Diferentemente dos despachos, as decisões interlocutórias possuem, como regra, conteúdo decisório relevante e apto a trazer prejuízo para alguma das partes, a ensejar a sua impugnação via recurso de agravo de instrumento (somente nas hipóteses expressamente previstas no art. 1.015), apelação (nas demais situações – art. 1.009, § 1º) ou mesmo mandado de segurança, como adverte parte da doutrina: “a utilização desta ação para impugnar atos do juiz, à luz do CPC/73, tornou-se muito rara. Mas, à luz do novo sistema recursal, haverá hipóteses não sujeitas à agravo de instrumento, que não podem aguardar até a solução da apelação. Um bom exemplo é o da decisão que suspende o andamento do feito em 1.º grau por prejudicialidade externa. Evidentemente, há grandes chances de que a parte prejudicada não possa esperar”. (Teresa ARRUDA ALVIM , Maria Lúcia Lins CONCEIÇÃO, Leonardo Ferres da Silva RIBEIRO, Rogerio Licastro Torres de MELLO, Primeiros comentários ao novo código de processo civil. 2. ed. São Paulo: RT, 2016, comentários ao art. 1.015, p. 1614).
Interessante notar, ainda, que a nova sistemática processual civil admitiu expressamente a existência de decisões parciais de mérito, verdadeiras “sentenças parciais”, como ocorre, por exemplo, nas hipóteses de julgamento antecipado parcial do mérito (v. art. 356). Nessas situações, por expressa opção legislativa, caberá recurso de agravo de instrumento (§ 5º).
Entretanto, não se pode alterar o conteúdo de uma decisão com base única e exclusivamente no recurso cabível contra ela.

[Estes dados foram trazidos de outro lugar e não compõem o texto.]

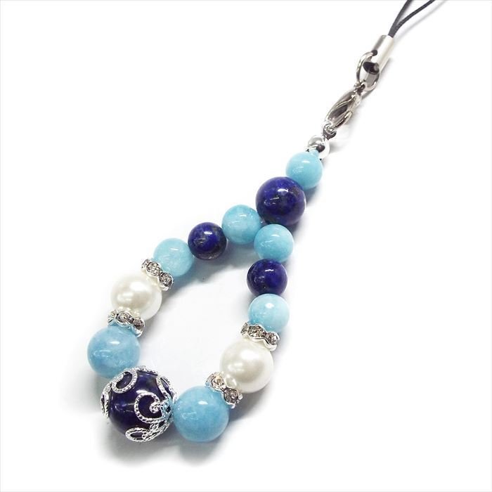 | 【STONE KITCHEN 天然石 パワーストーン】 ☆空をイメージした素敵なデザインの天然石ストラップ☆ やっぱり可愛いストラップはオシャレ女子に必要なアイテム☆ そこで乙女心をくすぐるキュートで可愛いストラップをご紹介します♪ カバンやケータイ・スマホに付けて恋愛運をUP!!! スマホ・ケータイをもっと可愛くデコレーションしちゃおう!! バックチャームとしてもおススメ♪ 長さ:約5.5cm(ストラップ紐・カニカン部分は除く) 素材:ラピスラズリ 約6mm・約8mm・約10mm ブルークォーツ 約6mm・約8mm シェルパール 約8mm 1点 注意事項 ※金属部分は汗や汚れ等で変色する場合がございます。気になる場合は 金属磨きや布等で軽くふき取る事をおすすめします。 ※石の種類によっては、艶を引き出すことを目的として、ワックスや着色加工がされているものもあります。 ※表示のサイズは必ずしも最大値・最小値のサイズのものが入っているわけではございません。 ※天然石のため同じものでも色味・模様などが異なります。 ※照明の具合で実際とは色合いが異なる場合がございます。 また、天然素材特有のクラック・内包物を有する場合がございます。予めご了承下さい。 | |||
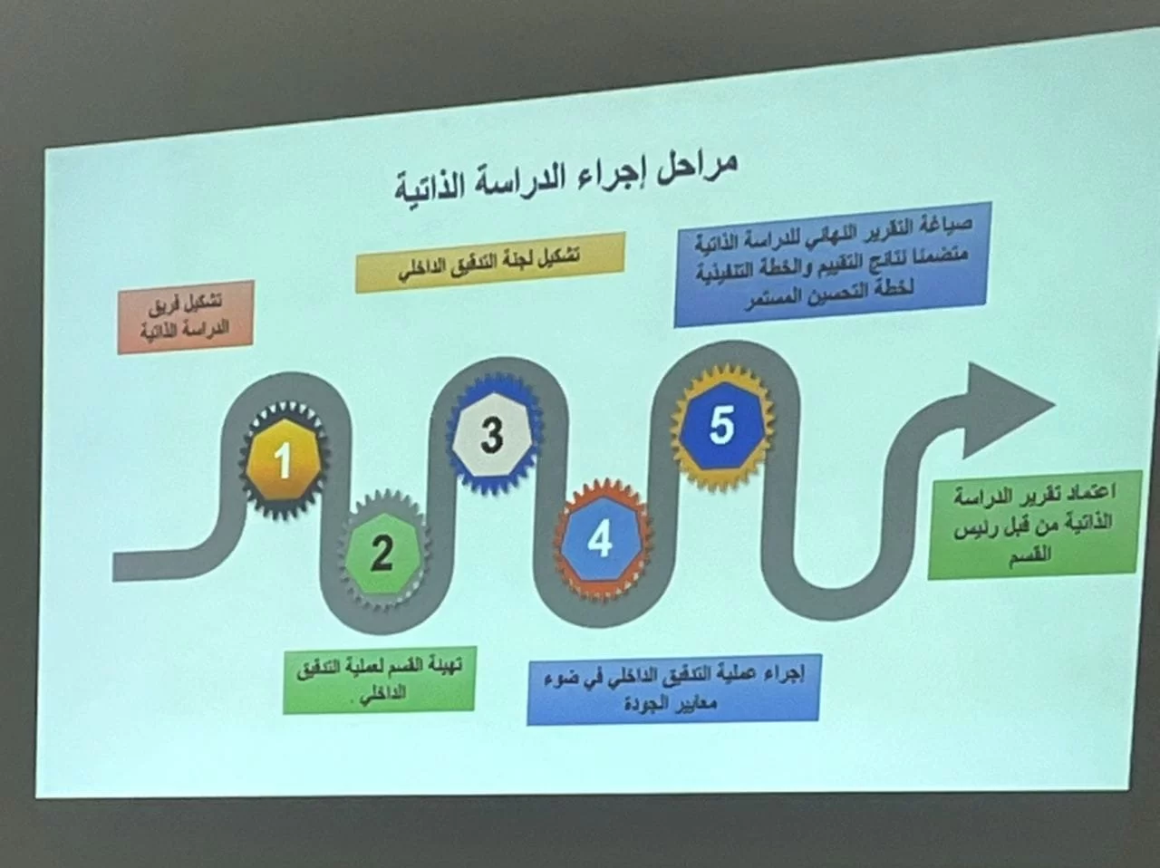 ورشة تنفيذ الدراسة الذاتية.في اطار استعداد برنامج العلوم التربوية والنفسية للتقدم بطلب الاعتماد البرامجي من مركز ضمان جودة المؤسسات التعليمية والتدريب ومن منطلق استعداده لتنفيذ الدراسة الذاتية المحددة بتاريخ 25/5/2024. عقد قسم العلوم التربوية والنفسية اليوم الإثنين 13/5/2024 ورشة تدريبية عن كيفية تنفيذ الدراسة الذاتية والتدقيق الذاتي قدمتها الأستاذة فوزية أحمد الحصان رئيسة قسم الجودة وتقييم الأداء بالكلية وقد حضرها كافة أعضاء اللجان الرئيسية والفرعية التي تم تسميتها في الإجتماع الأول لفريق الدراسة الذاتية المنعقد بتاريخ 5/5/2024 حيث كان أهداف الورشة النقاط الجوهرية التالية:1. التعرف على المفاهيم والمبادئ المتعلقة بالدراسة الذاتية.2. تنمية مهارات منتسبي البرنامج على إجراء التدقيق الداخلي.3. معرفة معايير الاعتماد التي تبنى على أساسها التدقيق الداخلي.4. تنمية قدرة البرنامج على التمييز بين مكونات التقرير النهائي لوثيقة الدراسة الذاتية. 5. التعرف على مراحل إجراء الدراسة الذاتية.6. التمكن من تطبيق مراحل وخطوات اجراء الدراسة الذاتية. 7. التمكن من كتابة التقرير النهائي للدراسة الذاتية.كل الشكر والتقدير لأعضاء اللجان على حضورهم والتزامهم وجزيل الشكر للأستاذة فوزية الحصان على جهودها ونسأل الله التوفيق للجميع.

Como há muito preconizava a Professora Teresa ARRUDA ALVIM, “(…) sempre nos pareceu que o princípio da correspondência, uma das bases da estrutura do sistema recursal do CPC de 1973, não incidia em casos como o de indeferimento liminar da reconvenção, da oposição e de outras tantas ações incidentais, pois que se tratava (e se trata) de pronunciamento agravável, mas que tinha (e tem) natureza jurídica de sentença. (…). Fica inegavelmente comprometido o princípio da correspondência entre decisões e tipo de recurso contra elas manejável, já que se trata de decisões que tem natureza de sentença e que, no entanto, estão submetidas ao recurso de agravo, apesar de transitarem em julgado e de serem, eventualmente, até rescindíveis”. (Nulidades do processo e da sentença. 8. ed. São Paulo: RT, 2017 p. 39)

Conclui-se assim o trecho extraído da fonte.